Bayesian network preprint
A new preprint, “High-dimensional Bayesian network inference from systems genetics data using genetic node ordering”, is available on bioRxiv. Bayesian networks are statistical models for gene regulatory networks, and their inference from large-scale omics data is a major problem in systems genetics. In this paper we present an algorithm to solve this problem that uses causal inference, topological sorting and variable selection, and that is much more efficient than traditional Markov chain Monte Carlo algorithms. The algorithm is implemented in the Findr and lassopv software packages.
GRN book chapters
We contributed two chapters to a Methods in Molecular Biology book on Gene Regulatory Networks: a chapter by Lingfei about the use of Findr for the inference of transcriptome-wide causal networks, and a chapter by Pau about the use of lemon-tree for the inference of differential module networks.
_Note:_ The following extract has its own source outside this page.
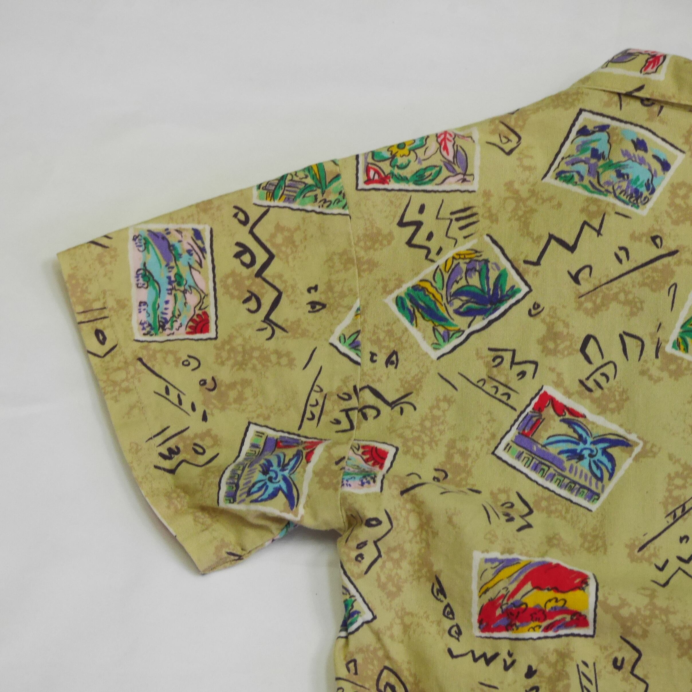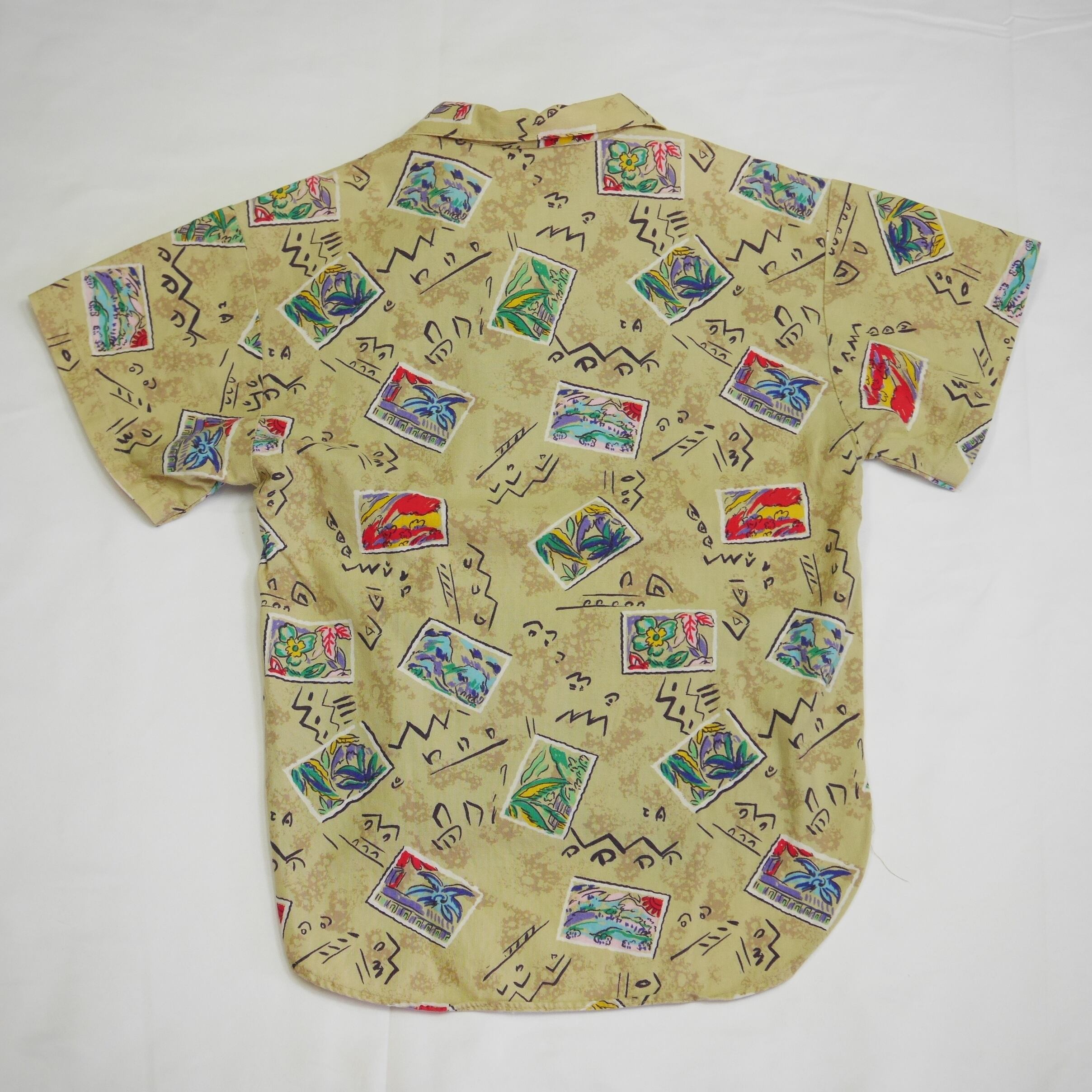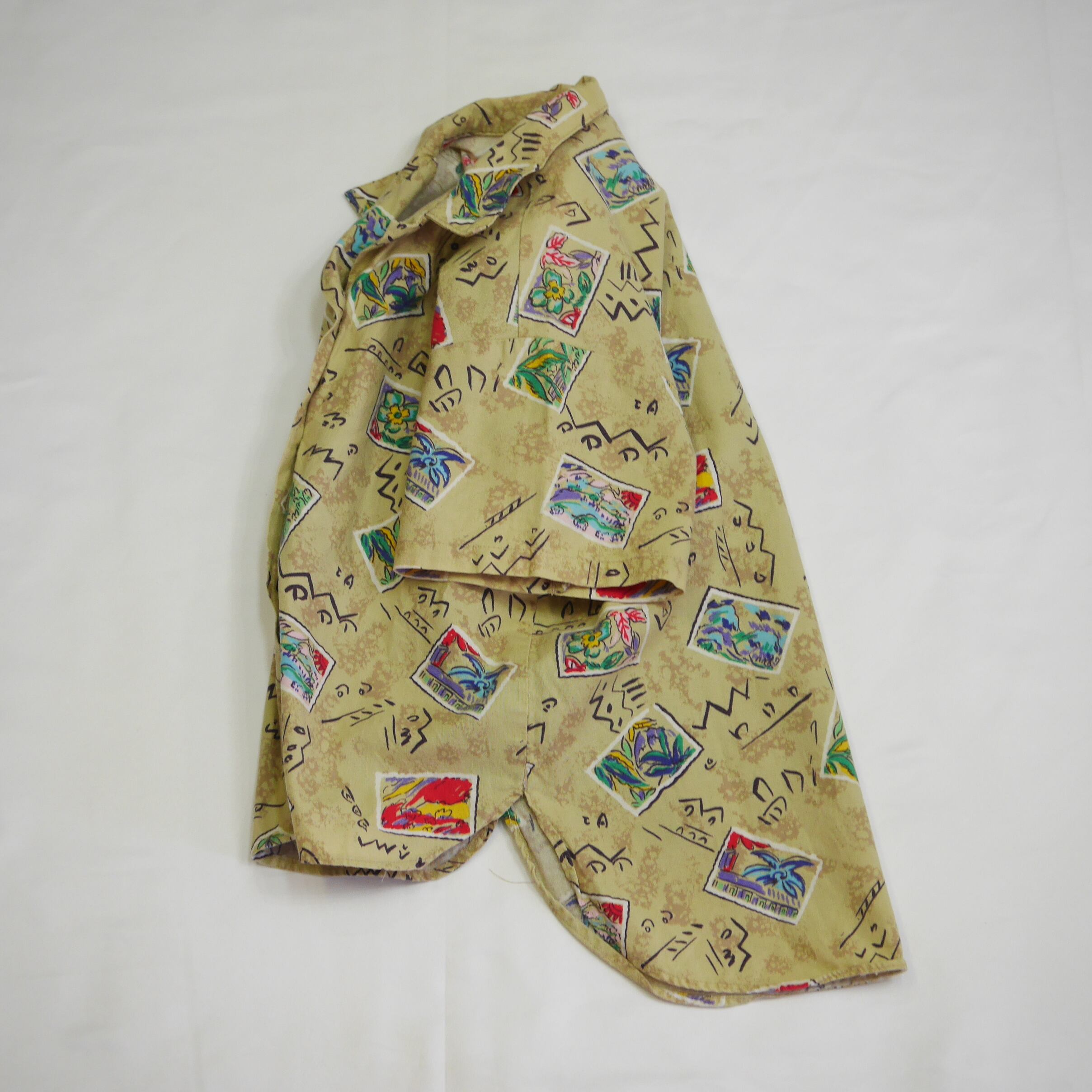 お花がモチーフとなった柄なんですが、写真で収めたものを絵っぽくしているという少し変わったデザインが非常に魅力的な一枚。ベーシックなボディとオープンカラーなところも相まってハワイアンシャツのようなリゾートチックな雰囲気も感じられます。ウッド風のボタンもGood。

Congrats and goodbye Lingfei
Congratulations and goodbye to Lingfei who has joined Ramnik Xavier’s lab at the Broad Institute and Massachusetts General Hospital. Thanks for the good times and all the hard work, and all the best in your new position!
Enhancer-based causal inference preprint
There is a lot of research showing that genetic information in combination with gene expression data can be used to predict causal interactions between genes, on the basis that genetic variation among individuals causes gene expression variation but not vice versa (this PLOS CompBio article is a contribution to the field from our group and has links to earlier work). Anagha Joshi’s group asked if this principle could be extended to other contexts, and in a joint preprint “Causal gene regulatory network inference using enhancer activity as a causal anchor” an affirmative answer is given: variation of epigenetic activity at enhancer elements across multiple cell types or experimental treatments together with gene expression data also predicts causal interactions. The accompanying statistical methods have been implemented in our Findr software.